*** Provided material Section Begins ***

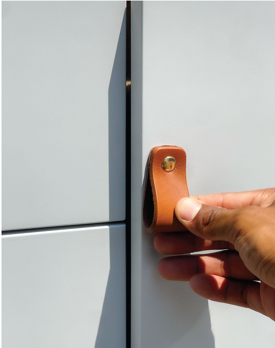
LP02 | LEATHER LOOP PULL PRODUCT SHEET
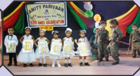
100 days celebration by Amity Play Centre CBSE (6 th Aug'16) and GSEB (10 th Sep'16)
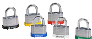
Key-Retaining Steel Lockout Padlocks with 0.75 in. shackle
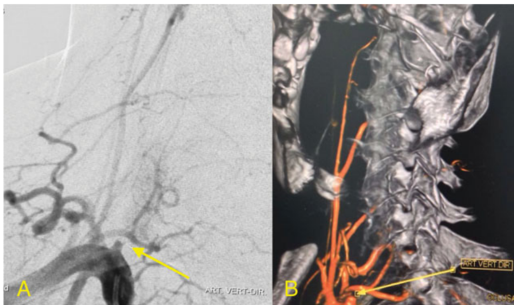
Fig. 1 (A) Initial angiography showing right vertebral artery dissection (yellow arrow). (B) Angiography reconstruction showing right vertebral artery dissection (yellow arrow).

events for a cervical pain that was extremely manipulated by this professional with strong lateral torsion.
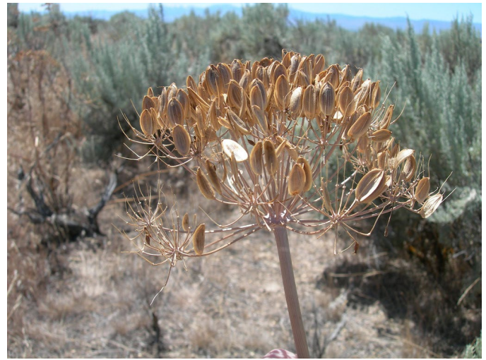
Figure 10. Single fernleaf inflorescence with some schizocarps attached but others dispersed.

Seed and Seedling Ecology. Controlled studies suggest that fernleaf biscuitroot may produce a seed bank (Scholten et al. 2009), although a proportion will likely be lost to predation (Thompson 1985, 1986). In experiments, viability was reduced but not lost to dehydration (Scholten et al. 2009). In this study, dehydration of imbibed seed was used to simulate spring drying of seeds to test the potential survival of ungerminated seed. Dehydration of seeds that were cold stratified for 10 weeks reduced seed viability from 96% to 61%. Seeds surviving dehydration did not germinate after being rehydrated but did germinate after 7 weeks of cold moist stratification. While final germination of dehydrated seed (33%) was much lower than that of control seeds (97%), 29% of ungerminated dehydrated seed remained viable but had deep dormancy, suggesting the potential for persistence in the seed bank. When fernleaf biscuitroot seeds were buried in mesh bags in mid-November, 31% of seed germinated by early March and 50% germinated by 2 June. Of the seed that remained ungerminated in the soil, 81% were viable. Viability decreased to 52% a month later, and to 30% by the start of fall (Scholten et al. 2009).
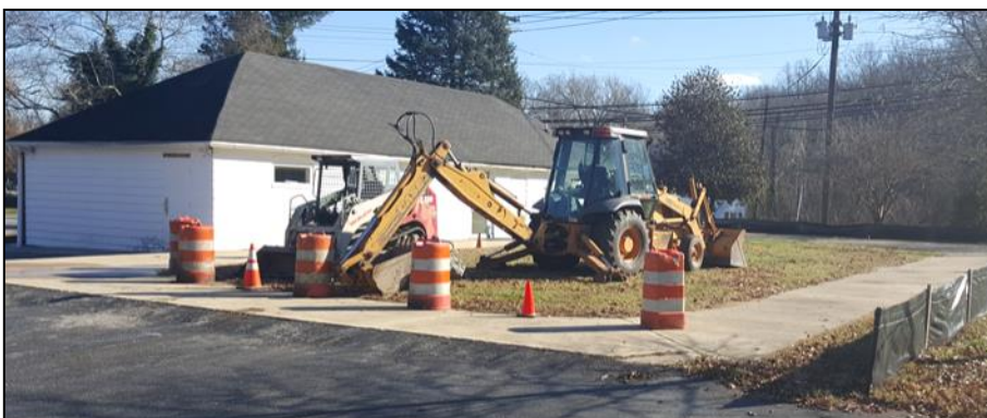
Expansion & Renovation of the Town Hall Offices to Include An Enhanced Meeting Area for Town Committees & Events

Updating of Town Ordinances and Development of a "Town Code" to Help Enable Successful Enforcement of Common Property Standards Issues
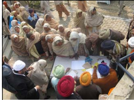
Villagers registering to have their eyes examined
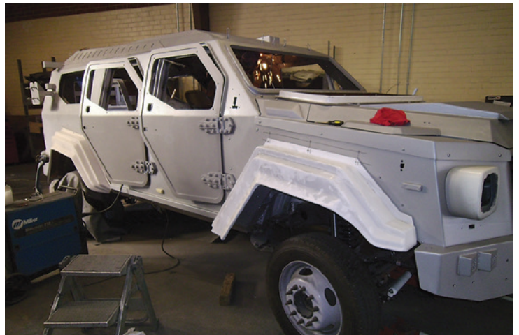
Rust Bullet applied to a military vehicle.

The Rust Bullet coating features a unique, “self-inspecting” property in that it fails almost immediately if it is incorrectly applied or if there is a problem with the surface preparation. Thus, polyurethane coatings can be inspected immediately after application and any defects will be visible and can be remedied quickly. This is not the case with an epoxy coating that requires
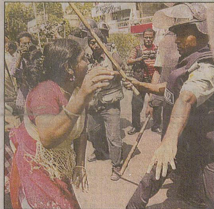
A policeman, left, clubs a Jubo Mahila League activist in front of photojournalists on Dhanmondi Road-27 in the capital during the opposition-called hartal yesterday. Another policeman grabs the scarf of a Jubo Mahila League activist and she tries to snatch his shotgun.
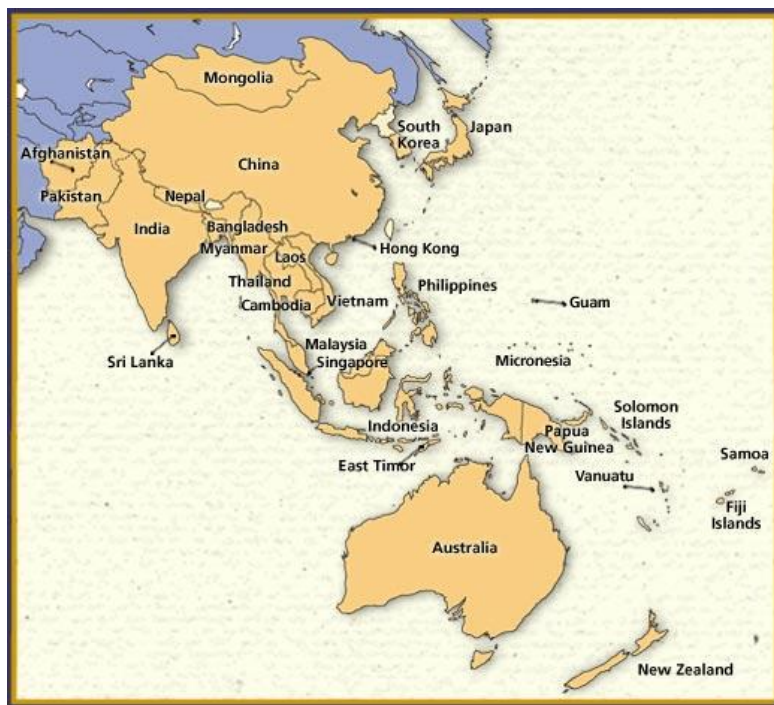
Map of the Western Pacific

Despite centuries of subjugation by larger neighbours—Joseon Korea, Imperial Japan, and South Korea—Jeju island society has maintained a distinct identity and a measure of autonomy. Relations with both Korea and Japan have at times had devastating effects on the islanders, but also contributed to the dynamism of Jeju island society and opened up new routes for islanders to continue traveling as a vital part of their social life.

*** Provided material Section Ends ***
*** Provided material Section Begins ***

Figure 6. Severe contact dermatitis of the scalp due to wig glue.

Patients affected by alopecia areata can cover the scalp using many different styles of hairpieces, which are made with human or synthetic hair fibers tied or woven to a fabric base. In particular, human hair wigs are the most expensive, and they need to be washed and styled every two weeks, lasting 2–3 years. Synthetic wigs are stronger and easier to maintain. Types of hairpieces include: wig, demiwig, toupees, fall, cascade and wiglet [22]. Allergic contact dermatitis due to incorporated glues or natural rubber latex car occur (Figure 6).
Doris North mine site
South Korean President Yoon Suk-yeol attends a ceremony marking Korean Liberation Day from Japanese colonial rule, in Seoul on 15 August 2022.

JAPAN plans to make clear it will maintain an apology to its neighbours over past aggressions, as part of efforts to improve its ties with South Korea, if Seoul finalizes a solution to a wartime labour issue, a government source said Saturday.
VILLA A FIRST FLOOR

*** Provided material Section Ends ***
*** Provided material Section Begins ***

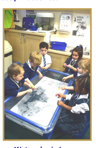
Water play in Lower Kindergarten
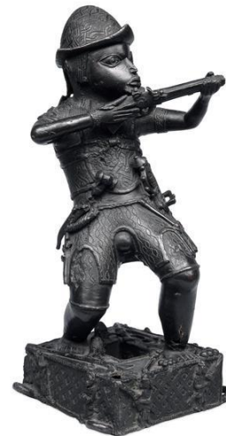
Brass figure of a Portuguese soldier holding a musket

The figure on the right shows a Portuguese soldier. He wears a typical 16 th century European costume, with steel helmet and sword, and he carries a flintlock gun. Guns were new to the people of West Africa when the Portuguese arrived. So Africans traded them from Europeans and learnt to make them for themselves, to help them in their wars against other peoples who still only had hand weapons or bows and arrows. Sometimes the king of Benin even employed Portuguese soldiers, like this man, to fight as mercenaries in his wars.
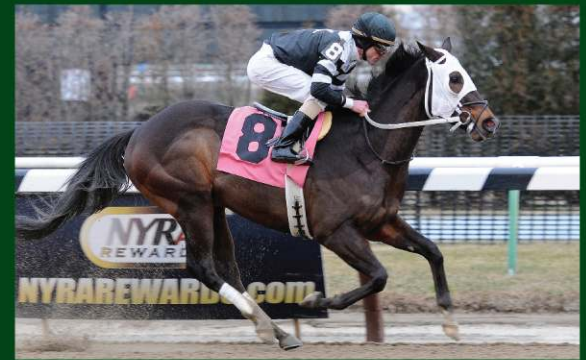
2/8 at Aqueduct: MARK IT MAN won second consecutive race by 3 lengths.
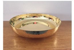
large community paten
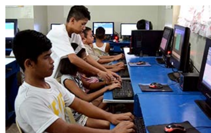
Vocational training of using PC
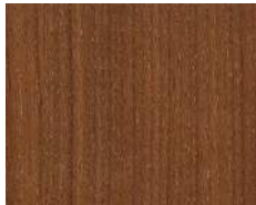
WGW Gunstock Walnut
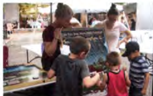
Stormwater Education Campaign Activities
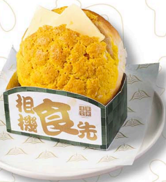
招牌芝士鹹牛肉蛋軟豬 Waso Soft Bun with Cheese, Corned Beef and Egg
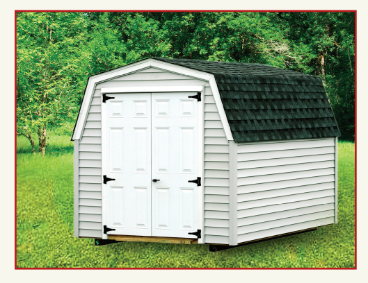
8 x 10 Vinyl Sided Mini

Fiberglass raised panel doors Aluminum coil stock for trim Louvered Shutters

*** Provided material Section Ends ***

Problem to solve – Reproduce the data above exactly, but only from the line containing "events for a" through the line containing "Figure 10. Single"; skip the pictures.

Completed task –
events for a cervical pain that was extremely manipulated by this professional with strong lateral torsion.
Figure 10. Single fernleaf inflorescence with some schizocarps attached but others dispersed.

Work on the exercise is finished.